# 30 hp johnson on my 14 ft v guide tracker



## Skully (Aug 11, 2013)

Well all I can say is sometimes you take a shot at a deal and it works out and some don't. So this is my story. I guy was advertising a 30 hp johnson with controls on craogslist so I make him a pitch for a trade. I go to his house to check out the motor. It has 140 psi in both cylinder and spark good spark. I hook up my battery and gas and try to start it gas in carb starter won't turn but slow. I get it to sputter and do the deal.. I bring it home pull the starter take it apart cleaned the rust and crud out and she turns like new. electric primer giving me heartach so I take it aprt clean it and find it was assebled wrong so now it works. Bring the boat to the lake and its spitting gas out the carb. Back to the house pull the carb pull the intake and wallah broken reed valve mo problem replace reed valve. Back to the lake fire her up and bammm 28 mph and tearin up the lake oh yea sweeet victory.. And its a long shaft so I had a transom elevator fabricated for 55 buck all aluminum.. less then 100.00 plus the trade and this 1985 30 hp is worth some bucks but she's a keeper. The moral of the story is this never give up if man made it it will break but if man made it man can fix it..There are tons of such motors out there that people don;t know how to deal with... grab some tools go online read and you can do it. Do you think these marine machanics can keep all that info in there heads nooooo they have to read and hit a book well i don't make 90.00 an hour and i have a hard time paying someone that and i learned how to read too. My spelling may leave much to be desired but hey the motor runs...


----------



## Gitzet (Aug 11, 2013)

=D> 

Good for you!


----------



## Skully (Aug 14, 2013)

I will get some picks up of the 30 hp as soon as I freshin it up with a little paint and some new decals but the boat screams fast. Now I can add some more shtuff to it and not worry about getting out of my own way, been thinking about a center console instead of the sit down side console I have now pics to follow....


----------



## BigTerp (Aug 15, 2013)

Good work!! Makes me optomistic about the 1994 50/35 Johnson jet my buddy and I are currently in the middle of rebuilding. Hoping to get to the point tonight or this weekend where we can start her for the first time!! [-o<


----------



## Skully (Aug 15, 2013)

Jet they kinda got me puzzeled never messed with one or actually seen one in person.. Please post some pics and info on your progress as you move foward I would think that the power head would be as all power heads but its in the lower unit were all the jet schtuff is...


----------



## BigTerp (Aug 16, 2013)

Theres a few pictures in my build thread. Nothing to detailed though.

It's exactly the same as a prop drive motor except for the lower end. The lower end is pretty simple and straight forward, IMO. Basically there are no gears. A impeller is driven directly by the drive shaft which pulls in water through the jet pump and shoots it out the back. Heres a pretty good explanation and diagram.

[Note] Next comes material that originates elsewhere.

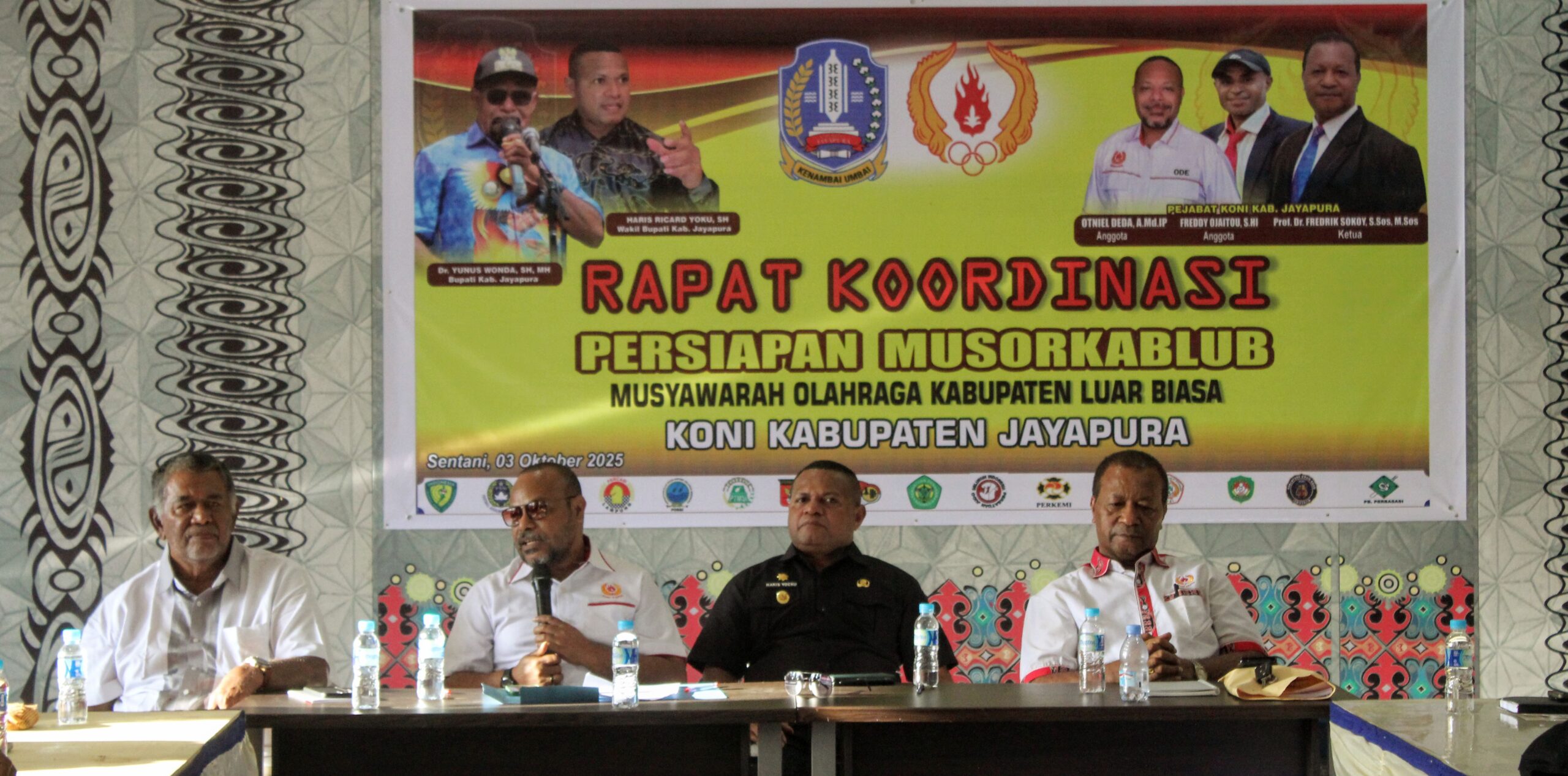 Otniel Deda Ketua Panitia Musorkablub KONI Kabupaten Jayapura kepada media ini usai Rakor di Stadion Barnabas Youwe pada Jumat, 3 Oktober 2025, Ia menuturkan, bahwa hasil Rakor telah memutuskan tanggal pelaksanaan Musorkablub yakni tanggal 17 Oktober 2025 bertempat di Kabupaten Jayapura

https://www.trouttandsons.com/Jet_Units/Jet_Units.html

I'm putting one on my boat because the portion of the river I run is very shallow. We do a lot of waterfowl hunting and most of our hunting holes are accessed through shallow areas.

My buddy and I got the motor to the point of starting last night. Turned it over a few times and the compression sounds awesome. Just need to get some new fuel lines and she'll be ready to start!!

Get some pics up of your boat/motor. I'm curious to see it!!


----------